Besondere Aufmerksamkeit richtete sich auf die Aussage, dass der kurdische Repräsentant Abdullah Öcalan der Imrali-Delegation der DEM-Partei übermitteln ließ: „Ich habe wichtige Dinge, die ich der Parlamentskommission mitteilen möchte.“ Doğan forderte in diesem Zusammenhang, dass Gespräche mit Öcalan dringend aufgenommen werden müssten, wenn eine glaubwürdige politische Lösung überhaupt angestrebt werde. „Die Kommission muss einen Weg finden, mit Herrn Öcalan zu sprechen. Das ist notwendig, legitim und überfällig“, sagte Doğan.
Demokratiefrage betrifft nicht nur die CHP
In ihrer Erklärung übte Doğan scharfe Kritik an der Ernennung eines kommissarischen Leiters anstelle der gewählten Parteiführung der CHP in Istanbul. Das Vorgehen sei „weder rechtmäßig noch legitim“ und bedrohe die Grundlagen demokratischer Teilhabe in der Türkei insgesamt. Die DEM-Partei sehe darin keine parteipolitische Angelegenheit, sondern einen Angriff auf die Demokratie selbst.
„Es geht nicht darum, ob man die CHP verteidigt. Es geht um das Wahlsystem, die Rechtsstaatlichkeit und den Raum für demokratische Politik.“ Doğan warf der Regierung vor, politische Konkurrenz durch „Kumpaneien und Intrigen“ auszuschalten, statt sich einem fairen demokratischen Wettbewerb zu stellen.
Kritik an der Rolle der Justiz
Auch die Rolle der Justiz wurde in der Pressekonferenz thematisiert. Doğan warf den Gerichten vor, politische Interessen zu schützen, statt für Gerechtigkeit und Rechtssicherheit zu sorgen. „Die Justiz soll das Recht schützen, nicht politische Manöver absichern“, sagte sie. Gerade in einer Zeit, in der sich demokratische Räume zunehmend verengen, sei es entscheidend, das Vertrauen in ein unabhängiges Rechtssystem wiederherzustellen.
„Tabus müssen fallen“
In Bezug auf die jüngst gebildete Parlamentskommission zur Demokratisierung warnte Doğan davor, den Kontakt zu zentralen Akteuren wie Öcalan auszublenden: „Wer den Kontakt zu Öcalan verweigert, verliert die Orientierung. Wer Lösungen will, muss sich von politischen Tabus verabschieden und neue Wege beschreiten.“
Die Zeit der Sprachlosigkeit müsse vorbei sein, so Doğan. Die Kommission solle nicht zum Instrument folgenloser Rhetorik werden, sondern ernsthafte Gespräche ermöglichen. Der Verweis auf frühere Friedensversuche sei mehr als Symbolik – vielmehr gehe es darum, den „einzigen Akteur“, der über jahrzehntelange politische Erfahrungen im Konflikt verfüge, einzubeziehen.
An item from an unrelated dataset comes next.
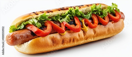 hot, dog, food, fast, sausage, bun, lettuce, tomatoes, mustard, ketchup, grilled, delicious, tasty, snack, meal, street, american, cookery, dinner, lunch, breakfast, white, background, isolated, close, up, fresh, yellow, red, green, brown, meat, bread, vegetable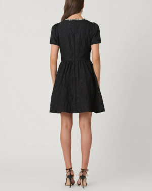 Lovely cocktail dress in a black textured jacquard. Features a round neckline with beautiful jewel embellishments and short puffed sleeves. Form-fitted bodice and shirred full volume mini skirt with side pockets. Fully lined. Hidden back zipper.

Kritik an Syrien-Politik und Kriegsrhetorik
Auch die Haltung der türkischen Regierung gegenüber der Autonomieregion Nord- und Ostsyrien wurde deutlich kritisiert. Statt auf Gespräche mit Vertreter:innen der dortigen Selbstverwaltung zu setzen, befeuere Ankara eine feindselige Rhetorik gegen die Volksverteidigungseinheiten (YPG), die Demokratischen Kräfte Syriens (QSD) und die Partei für eine Demokratische Einheit (PYD), so Doğan. Dies sei „nicht die Sprache der Freundschaft und auch nicht die Sprache der Lösung“.
Besonders verwies sie auf eine Äußerung des PYD-Politikers Salih Muslim, der sich bereit erklärt hatte, für einen Friedensdialog nach Ankara zu reisen: „Warum nutzt Außenminister Hakan Fidan diese Bereitschaft nicht und spricht mit ihm oder mit Ilham Ehmed?“, fragte Doğan. Letztere ist Ko-Außenbeauftragte der Demokratischen Selbstverwaltung von Nord- und Ostsyrien (DAANES).
Barzanî und das „Tabu Öcalan“
Mit Blick auf eine Äußerung des PDK-Vorsitzenden Mesûd Barzanî, der in einem Interview sagte, er würde Öcalan gern besuchen – „aber nicht im Gefängnis“ – betonte Doğan, dass es breites Interesse an direktem Kontakt mit Öcalan gebe: „Es ist nicht ungewöhnlich, mit Herrn Öcalan sprechen zu wollen. Es ist vielmehr notwendig und der Weg dorthin darf nicht länger blockiert werden.“
Die derzeitige Behandlung des Themas als Tabu sei kontraproduktiv und demokratiefeindlich. Menschen strebten danach, Öcalan direkt zu hören und mit ihm in Kontakt zu treten – dies müsse endlich möglich gemacht werden.
Ankündigung eines Besuchs auf Imrali
Abschließend kündigte Doğan an, dass eine hochrangige Parteidelegation der DEM – darunter die beiden Ko-Vorsitzenden Tülay Hatimoğulları und Tuncer Bakırhan – in der bevorstehenden Woche die Gefängnisinsel Imrali besuchen werde, um mit Öcalan zu sprechen.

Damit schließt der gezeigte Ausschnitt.